After examining various approaches, I concluded that tag clouds are generally implemented for specific datasets and layouts, and consider alternatives for other types of data and other UI designs. Clearly, what is needed is a more generic approach. While I don't present a complete implementation of a generic solution here, you can still use my examples as a starting point to build something much better than anything my Internet searches have produced to date.

The design of a tag cloud consists of several functional layers. Most implementations I examined treat data access, business logic, layout, and functionality in one piece of code—sometimes even in one class. My proposal treats the individual functional layers individually, one at a time. To me, this makes it easier to implement alternatives within the architectures. My examples are in Visual Basic.
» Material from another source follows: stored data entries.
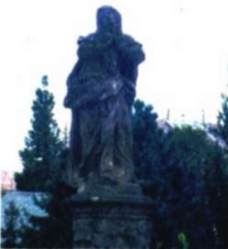
Socha panny Marie v Hranicích.

Hranicko/ Před námi je předposlední část našeho seriálu po stezkách pro cyklisty v okolí Hranic. První část trasy bude mírně náročná, čeká nás například prudké stoupání k cementárenskému lomu, závěr trasy však bude pohodlný. Z hranického náměstí vyrazíme tentokrát směrem na východ. Do kopce začneme stoupat na křižovatce Komenského a Hřbitovní ulice u sochy panenky Marie. Vedle ní si pozorněji z vás jistě všimnou domu se zachovými sgrafity na zdech.
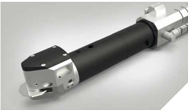
PRT – Lame rotative entraînée jusqu'à 11 000 rotations/min
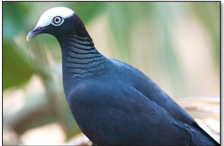
Figure 1: Pigeon à couronne blanche adulte

La femelle est plus terne, avec un peu de brun dans la calotte et sur le dos.
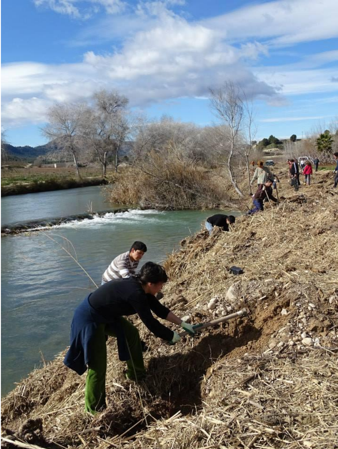
Plantación del Azud Los Charcos (Cieza) una de las zonas a realizar trabajos de mantenimiento del río
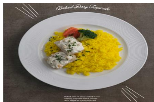
Baked Dory Tropicale
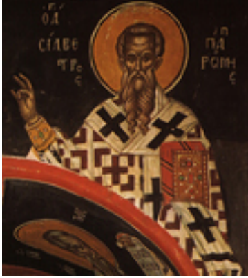
Άγιος Σίλβεστρος Πάπας Ρώμης
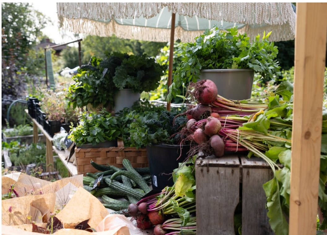
Skördemarknad vid Skogsbynets trädgård.

Målet är att andelen norrbottnisk mat ska öka i butik, på restauranger, vid event och i offentliga kök. Den regionala maten ska vara lätt att hitta. Mat och produkter ska utvecklas kreativt och serveras med stolthet.

NET because its syntax is easy to grasp (especially by myself).

Source Data

As input for a tag cloud, you need a dataset consisting of at least three columns:

Text (to display).
Weight (to determine the font size).
Identifier (something to support navigation.)

The weight in the dataset often represents some frequency—the number of times a text is used as a search term, or the number of items sold of a product. However, the weight is not always an integer value. You can also consider, say, election results consisting of political parties and their percentages, earthquakes and their intensity, or movie stars and their IQ. In fact, there is technically little difference between tag clouds, histograms, line graphs, and pie charts. (I wouldn't be surprised to find the tag cloud as just another type of standard chart in Excel 2010.)
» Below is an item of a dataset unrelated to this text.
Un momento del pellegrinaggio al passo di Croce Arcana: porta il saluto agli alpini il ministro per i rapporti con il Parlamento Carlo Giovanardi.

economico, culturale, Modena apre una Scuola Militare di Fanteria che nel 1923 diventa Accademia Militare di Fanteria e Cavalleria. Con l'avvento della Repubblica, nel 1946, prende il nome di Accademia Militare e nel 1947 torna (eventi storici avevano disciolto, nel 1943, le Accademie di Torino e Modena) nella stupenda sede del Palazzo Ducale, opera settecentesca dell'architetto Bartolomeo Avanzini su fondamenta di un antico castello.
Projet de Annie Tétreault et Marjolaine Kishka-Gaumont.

While constructing the source data for a tag cloud, you can impose restrictions on the raw data in the system in three ways:

Similar to other graphs, there is a restriction to the density of the information in tag clouds. According to Wikipedia, tag clouds generally contain between 30 and 150 tags. Usability clearly sets an upper limit to the number of tags. Moreover, the page layout can impose a restriction to the available space for the tag cloud. It is therefore necessary to take into account an imposed maximum length for the dataset.
Some texts may not be interesting to users and should be omitted from the tag cloud. This is the case for articles and other small words that are considered to be "noise" by search algorithms. If there are tags such as these in your data, you might want to filter the results.
Many tag clouds present information calculated over a period of time, such as the number of times that search terms have been used in the last 24 hours. Depending on the data, your function may contain extra parameters with which you restrict the aggregation of data to a (progressive) subset.

Eventually, you will create one or more functions that resemble Listing One. Your architecture for data access is hopefully more sophisticated than this simple example. But if you separate the construction of source data from the remaining functional layers of the tag cloud, then you already have a better design than the average tag cloud example found on the Internet.
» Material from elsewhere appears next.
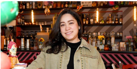
Mexikanisches Restaurant plant Umzug in die Neustadt (AZplus)
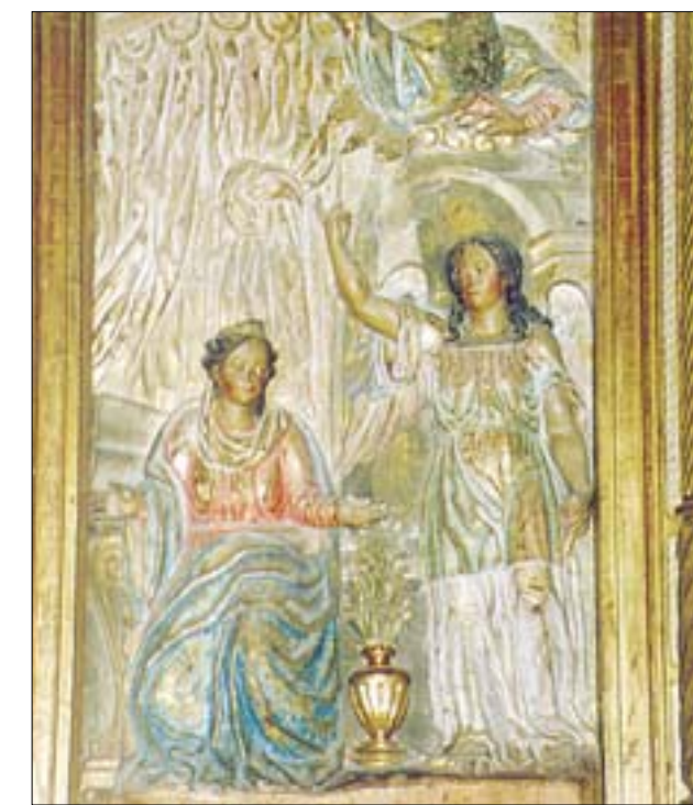
Retablo mayor: Anunciación y Natividad

Public Function GetWriters(ByVal maxCount As Integer, _
        ByVal ignoreNoise As Boolean, ByVal fromDate As DateTime, _
        ByVal toDate As DateTime) As DataTable
    Dim query As String = String.Format( _
        "SELECT * FROM (SELECT TOP {0} ID, Text, " & _
        "Count FROM Writers ORDER BY Count DESC) sub " & _
        "ORDER BY Text ASC", maxCount)
    'TODO: also filter on ignoreNoise, fromDate and toDate
    Dim adapter As New SqlDataAdapter(query, _ConnectionString)
    Dim table As New DataTable
    adapter.Fill(table)
    Return table
End Function

Listing One

Linearization

For the purposes of illustration, I created a dataset of well-known authors in our field, with the number of hits these names score in a Google search. When I use the raw data to create a tag cloud, I get the result in Figure 2(a). The tag cloud presents most of the names in approximately the same size. Only some names jump out, and some are nearly illegible. The reason is that the weights are not distributed evenly over the range of the source data. Most of the authors on my bookshelf have (roughly) the same number of Google hits. Only some authors have either very many or very few hits. It appears you can recognize a normal distribution (or Gaussian distribution) here, of which you can see examples in Figure 3. To get a more evenly distributed range of font sizes in the tag cloud, it is necessary to "linearize" the original values. You get a better result when you use a linearized representation, as in Figure 2(b). Technically, linearization means that the weights become less accurate. Bust because the tags have differing word lengths, there is already no such thing as an accurate reflection of the weights. Here, we are interested in usability, not accuracy.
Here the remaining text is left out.